Mengapa Perlu Memupuk Kebajikan?
Mengapa Perlu Memupuk Kebajikan?
SEORANG pria setengah baya asal Jepang bernama Kunihito belum lama ini bermigrasi ke Amerika Serikat. * Dalam minggu-minggu sejak kedatangannya, ia menghadapi situasi yang dapat mengancam kariernya. Kunihito menceritakan, ”Sewaktu atasan saya bertanya apakah saya dapat menjalankan tanggung jawab tertentu, saya merasa cukup yakin untuk menerimanya. Namun, karena saya dibesarkan dalam lingkungan yang menganggap kesahajaan sebagai kebajikan, saya menjawab, ’Saya tidak yakin apakah saya bisa melakukannya, tetapi saya akan berusaha sebaik-baiknya.’ Bagi atasan saya yang adalah orang Amerika, kedengarannya saya seolah-olah tidak cakap dan tidak percaya diri. Sewaktu saya mengetahui hal itu, saya sadar bahwa saya perlu membuat beberapa penyesuaian.”
Maria, yang tinggal di New York City, adalah mahasiswi yang cerdas, selalu senang membantu teman sekelasnya. Juan adalah rekan siswa yang kadang-kadang meminta bantuan Maria. Namun, dia jatuh hati pada Maria dan mencoba membuatnya terkesan. Meskipun Maria ingin tetap murni secara moral, ia menyerah kepada rayuan Juan dan terlibat dalam perbuatan seksual yang tercela.
Mempertunjukkan kebajikan dalam dunia dewasa ini yang beraneka budayanya serta bejat secara moral benar-benar merupakan tantangan. Jadi, mengapa kita perlu memupuk kebajikan? Karena tingkah laku yang bajik menyenangkan Allah, dan kebanyakan dari kita tentunya ingin memperoleh perkenan-Nya.

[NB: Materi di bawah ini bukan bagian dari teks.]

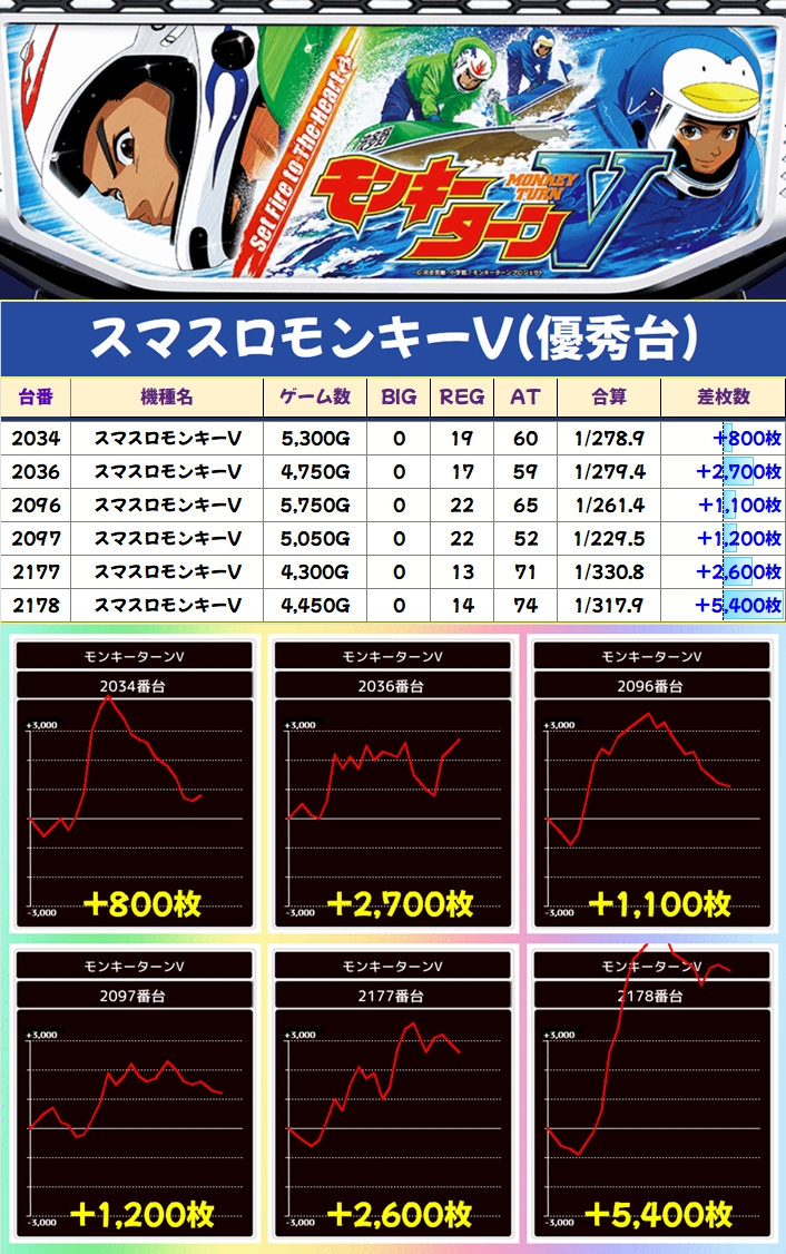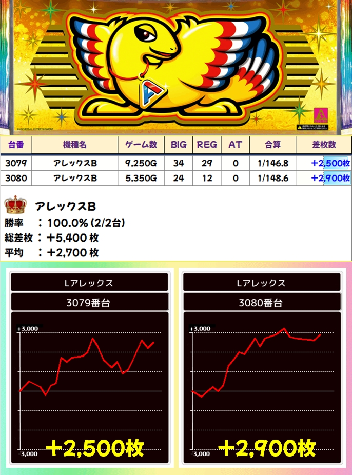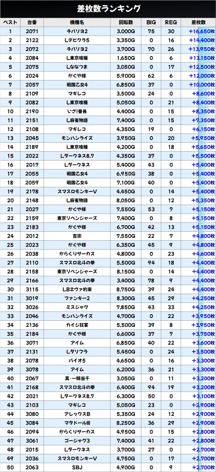 万枚台が7台、40台以上が+3000枚超となり、総差枚は11万枚を超える優秀結果に!仕掛けがあった機種のほとんどの機種が出玉ランキング上位にランクインし、仕掛け以外では新台系なども結果を残しました。

Firman Allah, Alkitab, mengimbau pembacanya untuk memupuk kebajikan. Misalnya, rasul Paulus menulis, ”Apa pun yang bajik dan perkara apa pun yang patut dipuji, teruslah pikirkan semuanya ini.” (Filipi 4:8) Dan, rasul Petrus mendesak kita agar mengerahkan ’upaya yang sungguh-sungguh untuk menambah kepada iman kita kebajikan’. (2 Petrus 1:5) Namun, apakah kebajikan itu? Dapatkah itu diajarkan di ruang kelas? Bagaimana kita dapat memupuknya?
[Catatan Kaki]
^ par. 2 Beberapa nama telah diganti.